Records to use START
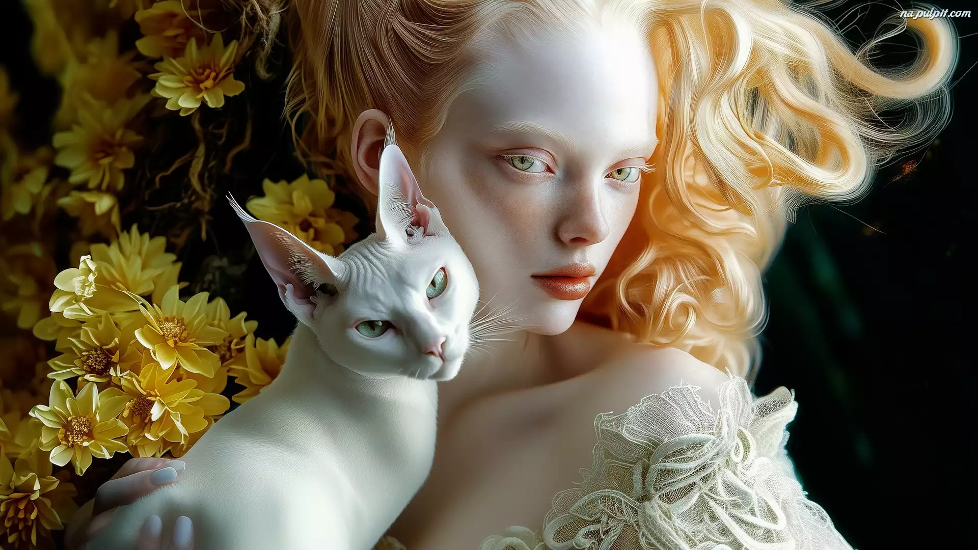 Żółte, Dziewczyna, Biały, Kot, Albinoska, Kwiaty Na Pulpit
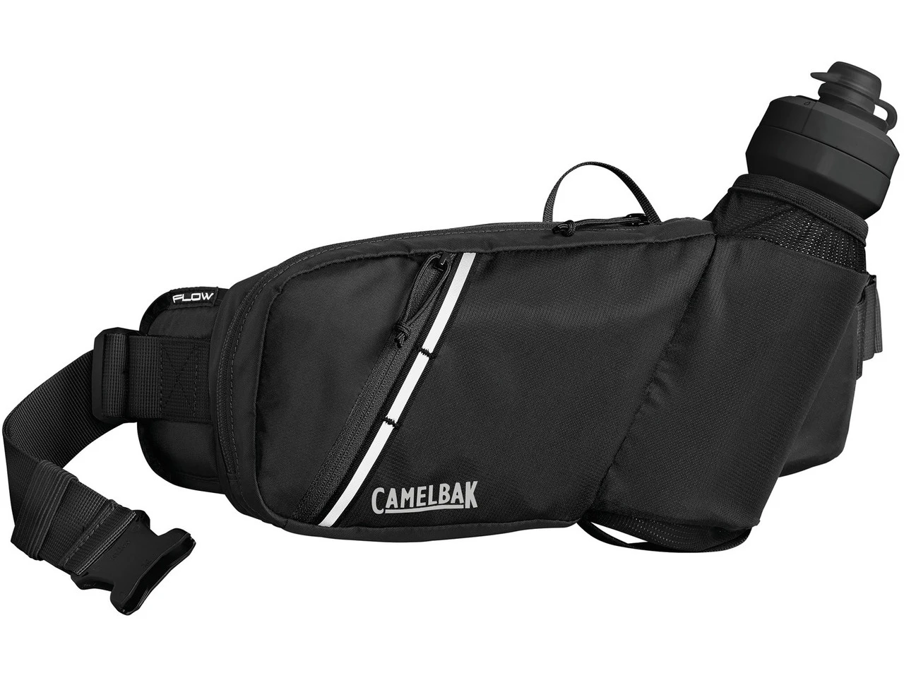 Der Camelbak Podium® Flow™ Belt aus der Bike Minimalism Collection bietet neben zwei Litern Packvolumen Platz für eine Podium Dirt 620 ml Trinkflasche.
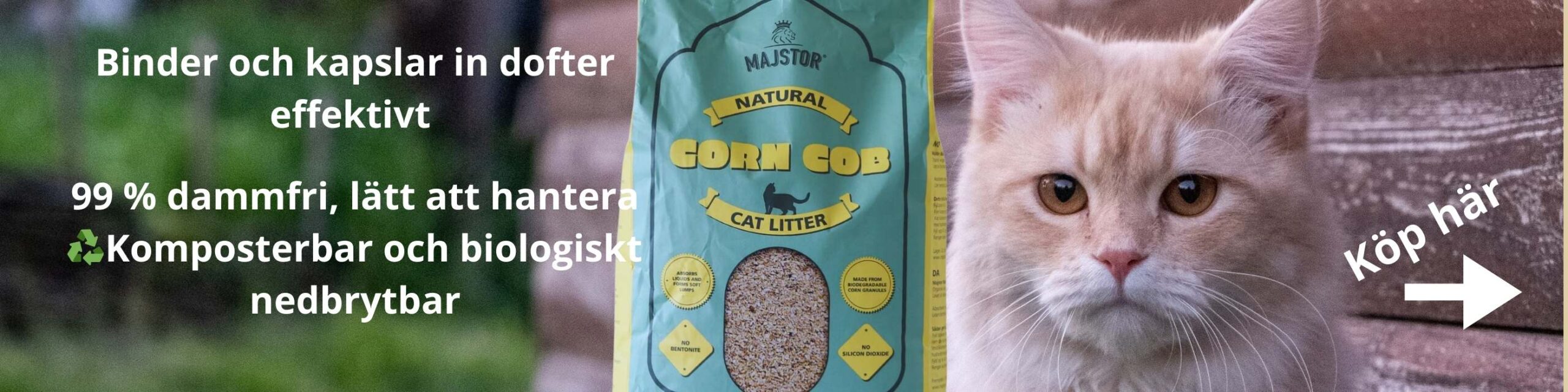 Till skillnad från vanlig kattsand består Majs-Strö av majskolv – som genomgått en patenterad process för att komprimera naturligt absorberande majs i koncentrerade granulat. Det gör att det bildas väl sammansatta klumpar direkt när din katt använder lådan, och majsgranulatet kapslar snabbt in lukten – så att du smidigt kan hålla kattlådan fräsch och göra din katt riktigt nöjd och glad.
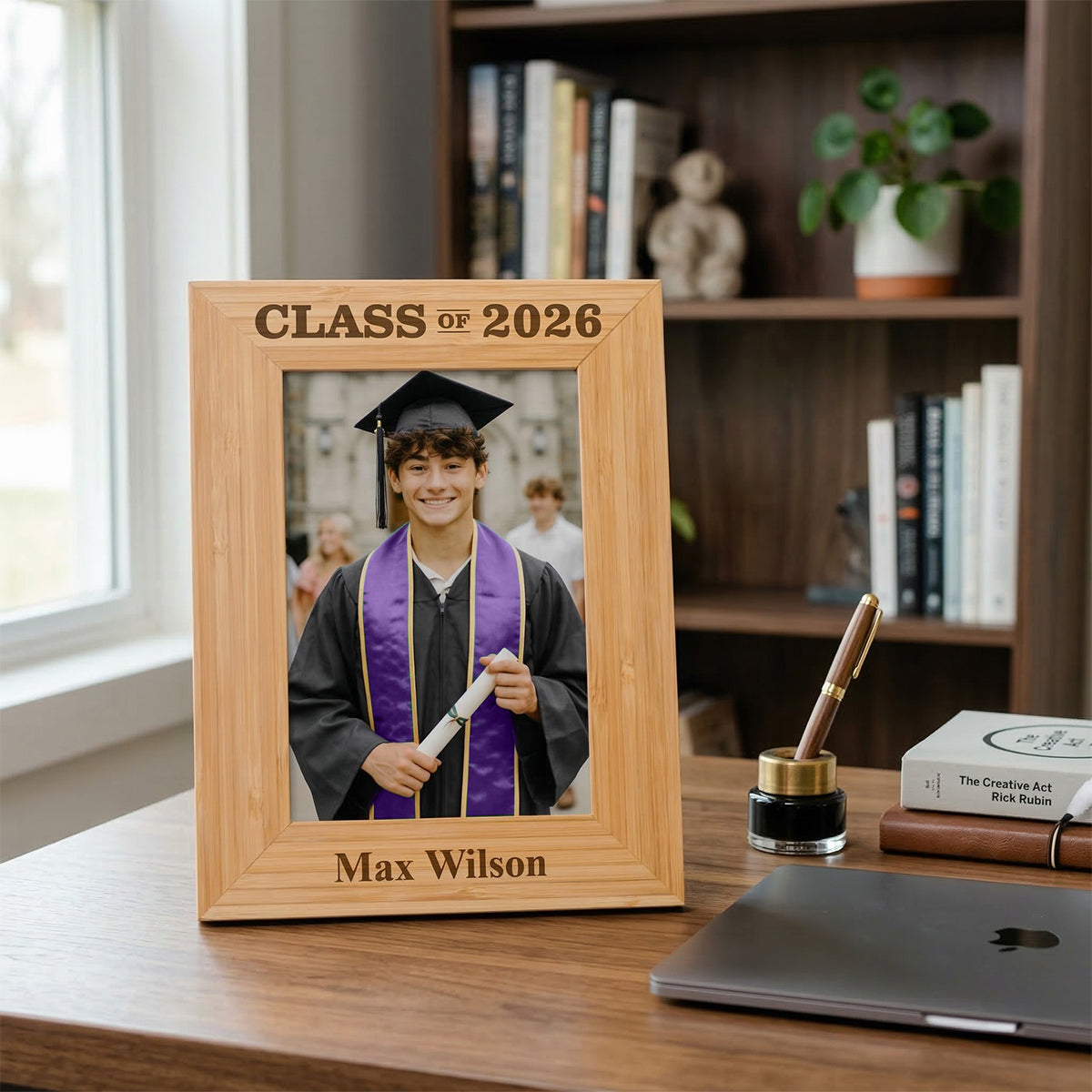 Celebrate one of life’s biggest milestones with a Personalized Graduation Picture Frame designed to honor your graduate in a meaningful, lasting way. Crafted from premium bamboo and precision laser-engraved, this 4x6 frame turns a proud moment into a timeless keepsake.
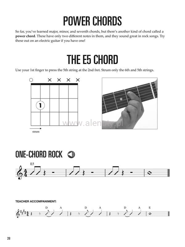 Szkoła gitary elektrycznej dla dzieci to łatwy i przyjemny kurs, który uczy dzieci gry na gitarze szybciej niż kiedykolwiek wcześniej. Popularne piosenki motywują uczniów, a przejrzyste, proste układy zapewniają, że ich uwaga pozostaje skupiona na danej koncepcji. Metoda jest odpowiednia dla uczniów używających gitar elektrycznych oraz akustycznych. Książka może być świetnym materiałem, z którego korzystają nauczyciele gry na gitarze ale może służyć także do samodzielnej nauki. Dołączony do książki kod audio online zapewni dostęp do utworów demo. Opracowanie dla początkujących.
Records to use END
▶ [Assigned task]: Hand over the entries again, exactly as written and without the pictures.

▶ [Output for this task]:
 Żółte, Dziewczyna, Biały, Kot, Albinoska, Kwiaty Na Pulpit
 Der Camelbak Podium® Flow™ Belt aus der Bike Minimalism Collection bietet neben zwei Litern Packvolumen Platz für eine Podium Dirt 620 ml Trinkflasche.
 Till skillnad från vanlig kattsand består Majs-Strö av majskolv – som genomgått en patenterad process för att komprimera naturligt absorberande majs i koncentrerade granulat. Det gör att det bildas väl sammansatta klumpar direkt när din katt använder lådan, och majsgranulatet kapslar snabbt in lukten – så att du smidigt kan hålla kattlådan fräsch och göra din katt riktigt nöjd och glad.
 Celebrate one of life’s biggest milestones with a Personalized Graduation Picture Frame designed to honor your graduate in a meaningful, lasting way. Crafted from premium bamboo and precision laser-engraved, this 4x6 frame turns a proud moment into a timeless keepsake.
 Szkoła gitary elektrycznej dla dzieci to łatwy i przyjemny kurs, który uczy dzieci gry na gitarze szybciej niż kiedykolwiek wcześniej. Popularne piosenki motywują uczniów, a przejrzyste, proste układy zapewniają, że ich uwaga pozostaje skupiona na danej koncepcji. Metoda jest odpowiednia dla uczniów używających gitar elektrycznych oraz akustycznych. Książka może być świetnym materiałem, z którego korzystają nauczyciele gry na gitarze ale może służyć także do samodzielnej nauki. Dołączony do książki kod audio online zapewni dostęp do utworów demo. Opracowanie dla początkujących.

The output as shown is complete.